*EXERCISE INSTRUCTIONS*: Verbatim copy, images removed: write out the entries below.

[Saved entries]
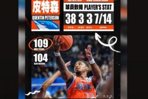 本场比赛,福建外援皮特森表现出色,进攻端势不可挡,外线神准的同时杀伤力也很强,最后时刻连续五罚全部命中,首发出战30分钟,投篮23中10,三分球14中7,罚球13中11,砍下38分3篮板3助攻3抢断的数据,正负值+12。
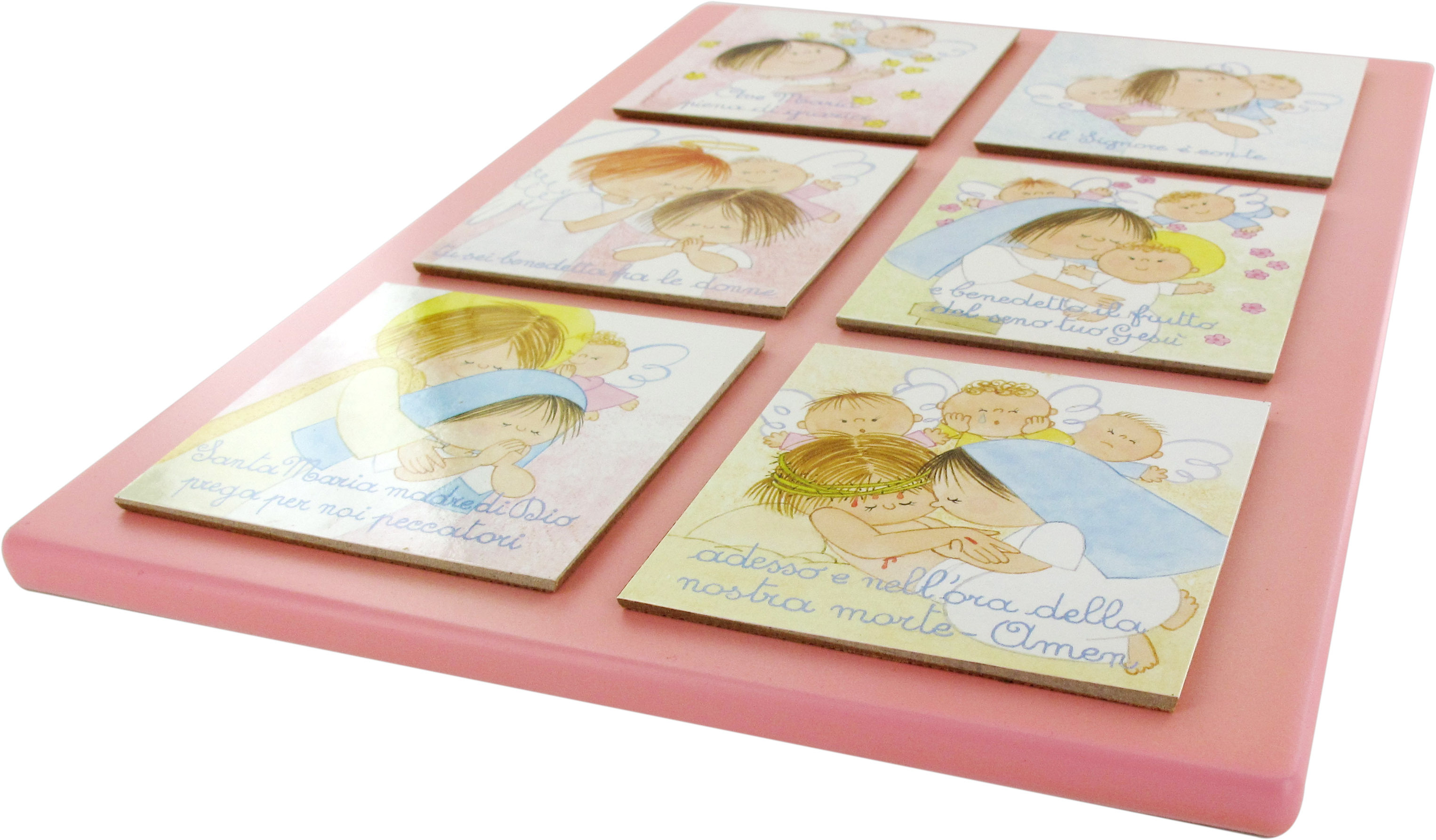 Tavola con l'Ave Maria con 6 riquadri in legno colorato rosa. Dimensioni: 29 x 21 cm.
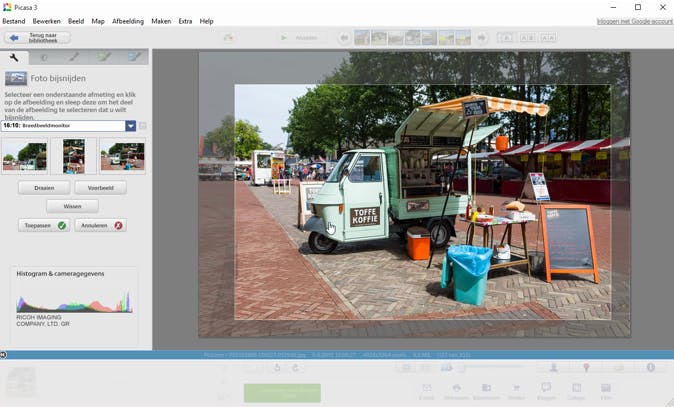 Zet je het gereedschap Bijsnijden op handmatig, dan bepaal je zelf welke verhouding de uiteindelijke foto krijgt. Je wijkt dan al snel af van de standaardformaten die foto's hebben. Foto's van smartphones, tablets en compactcamera's hebben namelijk nagenoeg altijd een verhouding van 4 staat tot 3 en die van spiegelreflexcamera's 3 staat tot 2. Op zich is dat niet erg, behalve wanneer je foto's schermvullend wilt zien of ze op fotopapier moeten passen. In dat geval kun je beter de gewenste beeldverhouding opgeven in Picasa. Bijvoorbeeld 16:9: HDTV of 4:3: Standaardscherm. Maak je nu een selectie, dan krijgt het kader vanzelf de juiste verhouding.
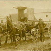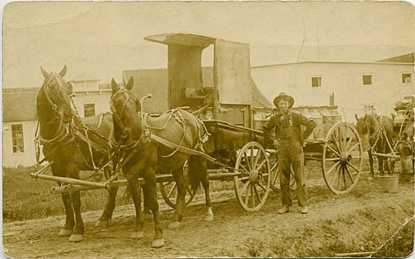 Sepia-toned image of a young man standing beside a wagon drawn by a two-horse team. The front is a covered seat, and the back is flat and filled with milk cans. Another wagon also loaded with milk cans stands behind the first. The road is dirt, and in the background is a large industrial building.
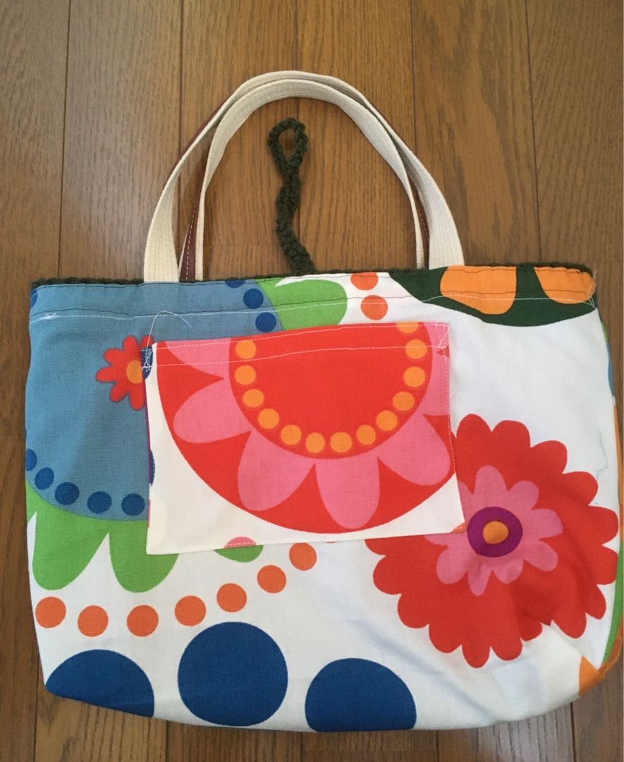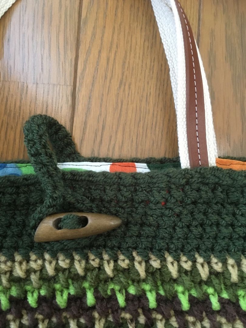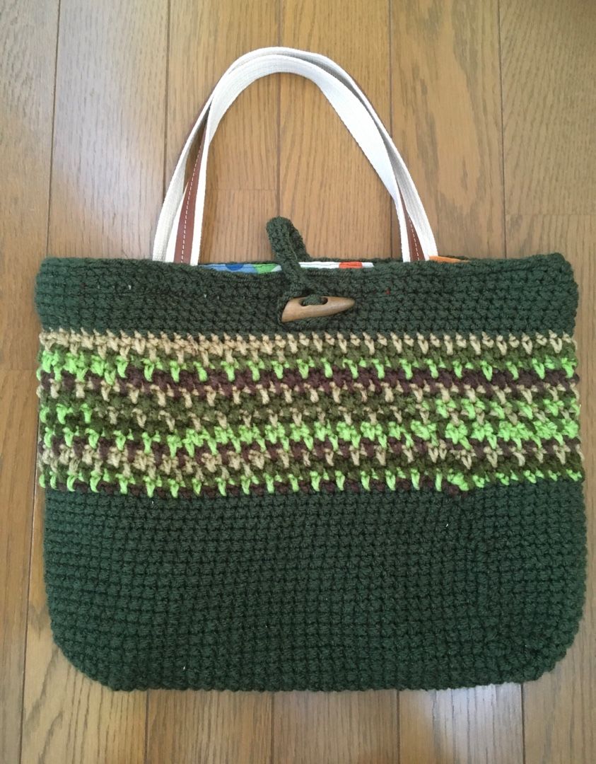 底と入れ口をメランジの緑を使って編んで、内布にはIKEAの帆布使用。
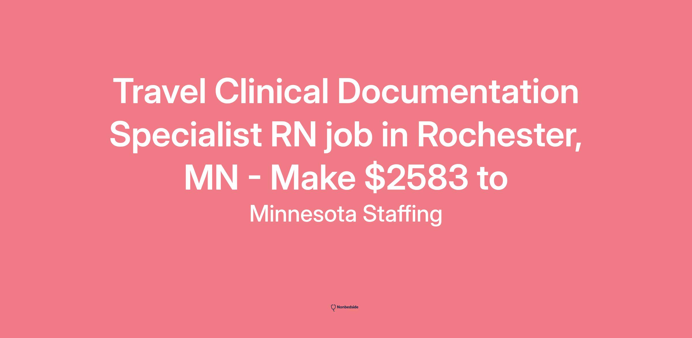 Aya Healthcare has an immediate opening for the following position: Clinical Documentation Specialist Registered Nurse in Rochester, MN. We'll work with you to build the healthcare career of your dreams. Whether you want a job close to home or across the country, we've got you. Pay: $2583/week - $2729/week Assignment Length: 52-week assignment Shift: 5, 8-Hour 08:00 - 17:00 At least one year of experience required.
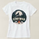 Ein Wolf steht zum Schweigen und heult gegen einen Vollmond, umgeben von einem Wald und einem Lagerfeuer zwischen zwei Zelten. Die Worte "Bleibe Wild" werden prominent angezeigt und unterstreichen ein Gefühl von Abenteuer und Natur.
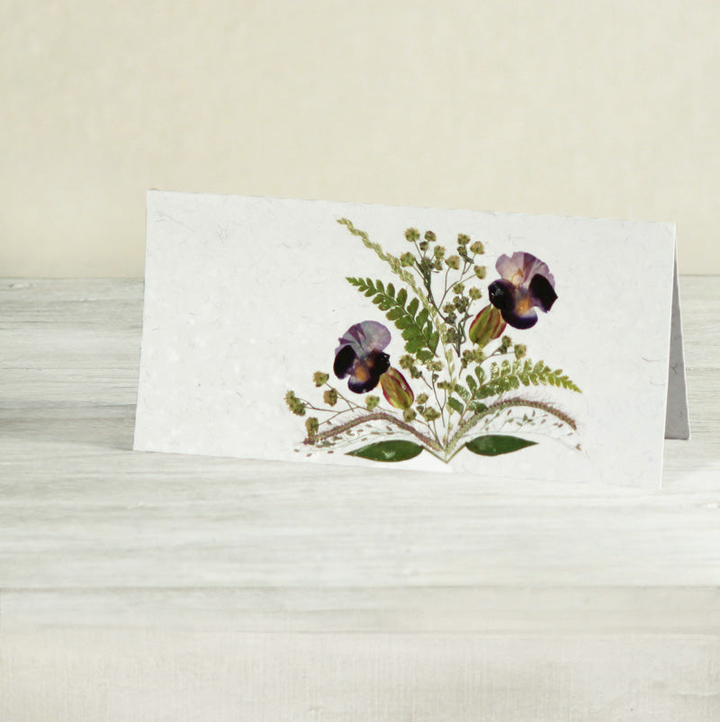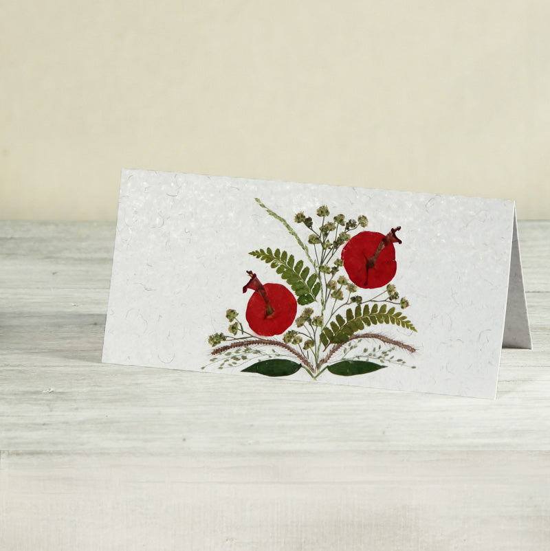 Materials used: The paper is hand-made from recycled cotton, enhanced with natural fibres like straw, gunny, or wool. Flowers are organically grown, then handpicked and pressed each day

*WRITTEN RESPONSE*:
 本场比赛,福建外援皮特森表现出色,进攻端势不可挡,外线神准的同时杀伤力也很强,最后时刻连续五罚全部命中,首发出战30分钟,投篮23中10,三分球14中7,罚球13中11,砍下38分3篮板3助攻3抢断的数据,正负值+12。
 Tavola con l'Ave Maria con 6 riquadri in legno colorato rosa. Dimensioni: 29 x 21 cm.
 Zet je het gereedschap Bijsnijden op handmatig, dan bepaal je zelf welke verhouding de uiteindelijke foto krijgt. Je wijkt dan al snel af van de standaardformaten die foto's hebben. Foto's van smartphones, tablets en compactcamera's hebben namelijk nagenoeg altijd een verhouding van 4 staat tot 3 en die van spiegelreflexcamera's 3 staat tot 2. Op zich is dat niet erg, behalve wanneer je foto's schermvullend wilt zien of ze op fotopapier moeten passen. In dat geval kun je beter de gewenste beeldverhouding opgeven in Picasa. Bijvoorbeeld 16:9: HDTV of 4:3: Standaardscherm. Maak je nu een selectie, dan krijgt het kader vanzelf de juiste verhouding.
 Sepia-toned image of a young man standing beside a wagon drawn by a two-horse team. The front is a covered seat, and the back is flat and filled with milk cans. Another wagon also loaded with milk cans stands behind the first. The road is dirt, and in the background is a large industrial building.
 底と入れ口をメランジの緑を使って編んで、内布にはIKEAの帆布使用。
 Aya Healthcare has an immediate opening for the following position: Clinical Documentation Specialist Registered Nurse in Rochester, MN. We'll work with you to build the healthcare career of your dreams. Whether you want a job close to home or across the country, we've got you. Pay: $2583/week - $2729/week Assignment Length: 52-week assignment Shift: 5, 8-Hour 08:00 - 17:00 At least one year of experience required.
 Ein Wolf steht zum Schweigen und heult gegen einen Vollmond, umgeben von einem Wald und einem Lagerfeuer zwischen zwei Zelten. Die Worte "Bleibe Wild" werden prominent angezeigt und unterstreichen ein Gefühl von Abenteuer und Natur.
 Materials used: The paper is hand-made from recycled cotton, enhanced with natural fibres like straw, gunny, or wool. Flowers are organically grown, then handpicked and pressed each day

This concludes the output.